Public Design Support intends to intervene in these urban processes by testing and deploying an alternative design practice. Design can contribute to generating autonomous living conditions and counteracting the powerlessness and dependence people often experience within exclusionary urban development policies. Yet most residents of working-class neighborhoods and others affected by gentrification would typically be unable to afford design, not to mention even think about laying claim to its agency. As a clearly partisan practice, we work with those who are not only excluded from urban development but also from design itself.1 We advocate for the “Right to Design,” which regards design as a fundamental human act and undisciplinary practice by which people can improve their material conditions and social wellbeing, and represent their claims as citizens.2

We have realized about a hundred design projects in St. Pauli and beyond.3 The design consultancy has worked for a pub in trouble, solved a single mother’s storage space problem, co-developed a semi-public dye garden, dramatized a demonstration by refugees, redesigned a drug counseling center, erected a memorial for relatives of concentration camp prisoners, supported rent protests, designed a cozy tutoring room, installed a loft bed with a cat tree, helped move a non-profit counseling center for refugees, renovated a broken trailer, stretched a tent across an apple meadow, laid bricks for a group barbecue, transformed an undemocratic classroom, and more.

Many of these projects ended up either unfinished or not meeting expectations. Some have ended in frustration and exhaustion, while a few others in friendship and fun. But while Public Design Support worked as a pedagogical experiment in an academic context, when viewed as an alternative model to design practice, we by and large failed. The shortcomings of Public Design Support (in terms of its aspirations) become particularly visible when it is classified in the wider category of “Social Design.” It is hard to say if any projects achieved any substantial social benefit, or if they only smooth the experience of poverty, exclusion, and exhaustion. But what they do, I would argue, is problematize our conceptual understanding of the social and the way it grounds design practice.

The Desire for Community

While embraced by many well-intended designers, planners, (social) workers, artists, and activists, the term “Social Design” is not only problematically underdefined, but also misleading. It is misleading because it implies that there is such a thing as “non-social” design, and thus fails to recognize and even obscures an essential character of design: that it is always socially integrated and operative. While there is design that disavows the social, or has detrimental effects on it, if it is not social, it is not design. Societal effect and its situatedness in social structures are design’s inescapable foundations. As opposed to the term “social design,” then, “socially-engaged design” focuses not so much on the fact of design’s social character, but rather its active, critical, and political engagement with the social’s potential.

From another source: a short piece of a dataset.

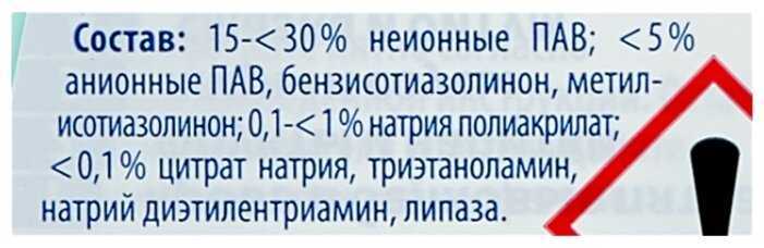 | Состав : | растворителя жиров в комбинации с различными ПАВ |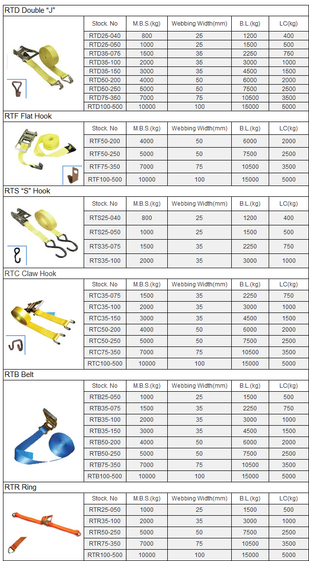 Ratchet strap is composed with webbing strap, ratchet and end fittings. The end fittings are

Public Design Support is predicated on making the anger, problems, desires, conflicts, and ideas from the St. Pauli neighborhood the starting point of design. Its social engagement is therefore based on design commissions formulated by local groups and individuals. Public Design Support is deliberately dependent on people and their issues, and on being accepted into the existing neighborhood’s social dynamics and conflicts. This, however, is always easier said than done. Language barriers, invisible hierarchies, everyday trouble, misunderstandings, timing, and very tangible difficulties like money and weather create barriers and made us inaccessible to people who have limited resources to engage in the arduous process of co-creation. Further, Covid-19 made us completely lose contact with the neighborhood.

We are currently in the process of rebuilding our relationship with St. Pauli. We are back on site, hanging out and chatting with people. We are informing neighbors with flyers in different languages, and have started to meet more regularly with community organizers and social workers. At the same time, we are reflecting on how we can work in a more accessible and needs-based way. We have extended our opening hours and are making an effort to communicate more simply (and in more languages) what we can offer and how we work. We have invited neighborhood initiatives to informal get-to-know-you talks, and even arranged to meet with the local priest. We desperately want to get to know the district better. We want to open up to the community. We want to be part of the neighborhood. We want to work on local problems.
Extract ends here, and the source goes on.